WHAT TO DO: Only the lines from the one containing "Toyota Corolla (E120)" through the one containing "地面から蓮に似た黄金色の花が" should be printed, exactly as they appear below, with both ends included.

INPUT FOR THIS TASK:
--------------------------------

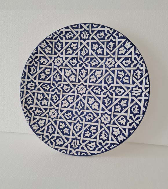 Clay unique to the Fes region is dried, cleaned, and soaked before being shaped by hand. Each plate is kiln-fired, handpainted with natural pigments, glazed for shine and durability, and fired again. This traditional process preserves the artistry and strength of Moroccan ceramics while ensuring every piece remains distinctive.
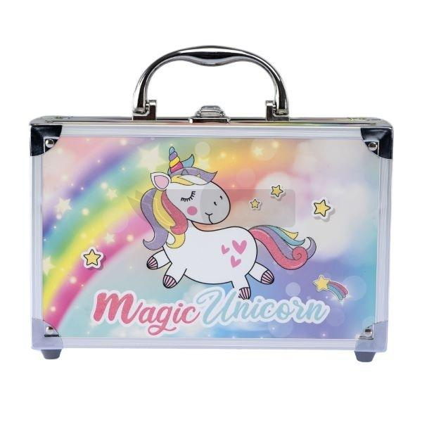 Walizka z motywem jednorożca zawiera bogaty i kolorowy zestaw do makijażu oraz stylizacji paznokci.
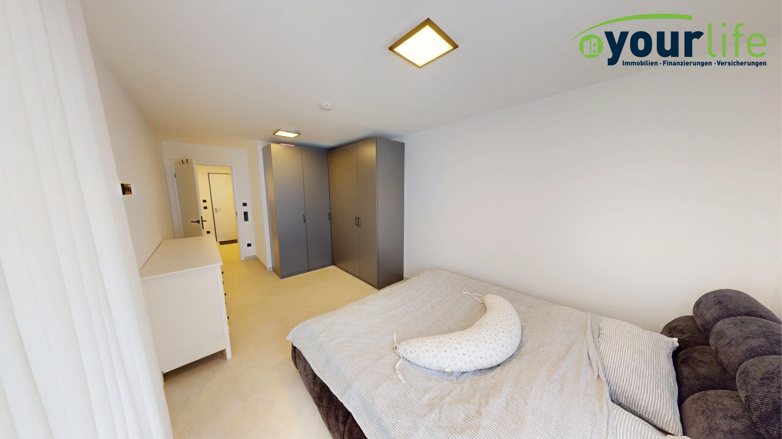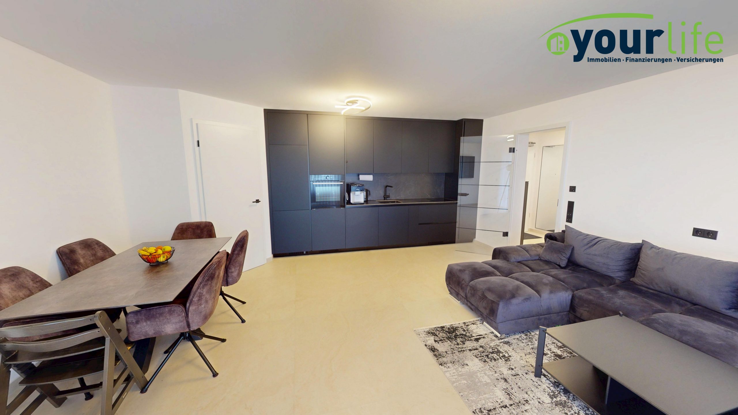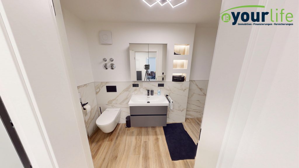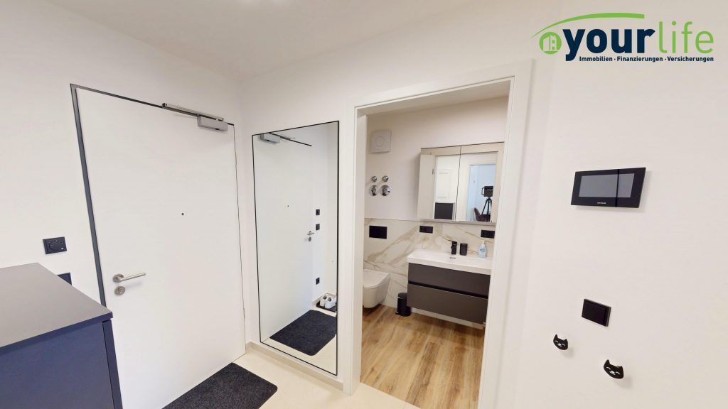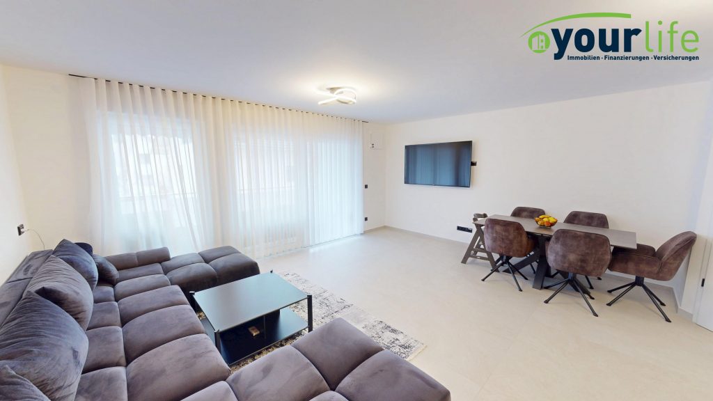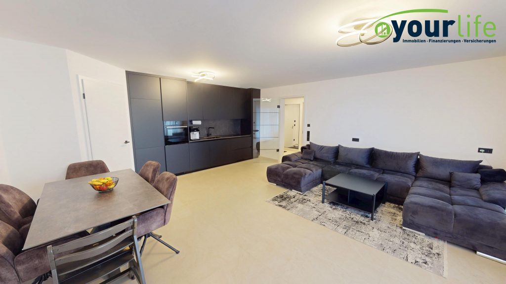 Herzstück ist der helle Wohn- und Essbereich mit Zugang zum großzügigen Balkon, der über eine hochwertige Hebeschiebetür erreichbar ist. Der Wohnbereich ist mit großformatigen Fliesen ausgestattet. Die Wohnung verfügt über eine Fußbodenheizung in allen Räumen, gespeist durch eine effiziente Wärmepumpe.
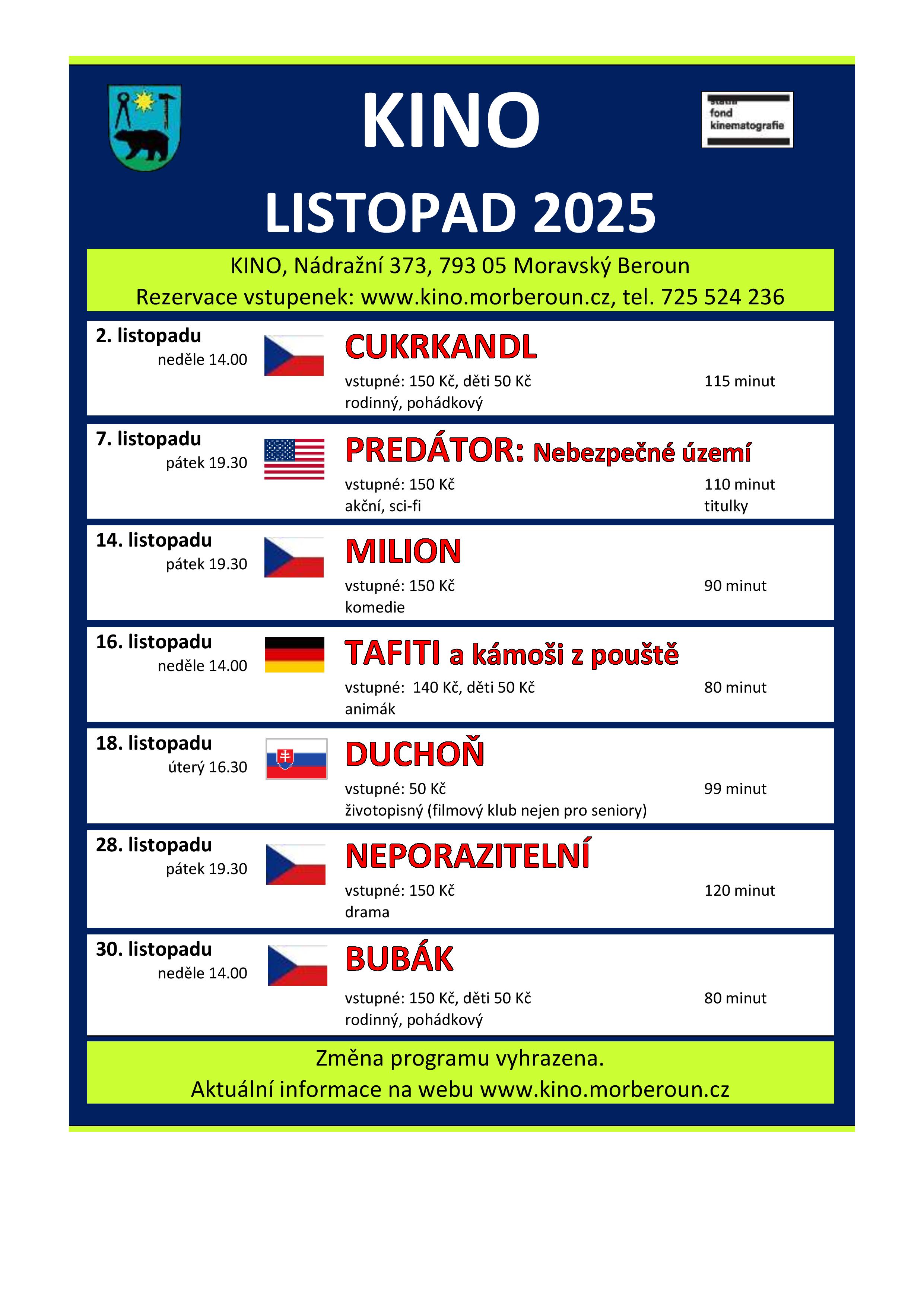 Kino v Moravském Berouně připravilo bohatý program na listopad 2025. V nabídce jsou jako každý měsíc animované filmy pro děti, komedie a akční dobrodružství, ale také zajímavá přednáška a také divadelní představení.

--------------------------------

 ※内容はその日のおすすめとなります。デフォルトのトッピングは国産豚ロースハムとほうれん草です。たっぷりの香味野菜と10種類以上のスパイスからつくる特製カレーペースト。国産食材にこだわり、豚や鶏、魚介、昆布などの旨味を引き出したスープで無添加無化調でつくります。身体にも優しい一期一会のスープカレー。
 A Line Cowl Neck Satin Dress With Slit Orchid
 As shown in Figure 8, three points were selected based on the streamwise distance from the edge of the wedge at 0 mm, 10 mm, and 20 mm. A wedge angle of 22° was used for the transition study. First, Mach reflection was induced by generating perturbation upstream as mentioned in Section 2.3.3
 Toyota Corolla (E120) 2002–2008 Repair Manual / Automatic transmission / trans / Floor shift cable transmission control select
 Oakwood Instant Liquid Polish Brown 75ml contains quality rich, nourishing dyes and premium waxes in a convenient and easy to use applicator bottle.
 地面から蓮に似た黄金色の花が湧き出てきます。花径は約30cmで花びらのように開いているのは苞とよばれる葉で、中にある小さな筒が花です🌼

--------------------------------

REPLY TO THE EXERCISE:
 Toyota Corolla (E120) 2002–2008 Repair Manual / Automatic transmission / trans / Floor shift cable transmission control select
 Oakwood Instant Liquid Polish Brown 75ml contains quality rich, nourishing dyes and premium waxes in a convenient and easy to use applicator bottle.
 地面から蓮に似た黄金色の花が湧き出てきます。花径は約30cmで花びらのように開いているのは苞とよばれる葉で、中にある小さな筒が花です🌼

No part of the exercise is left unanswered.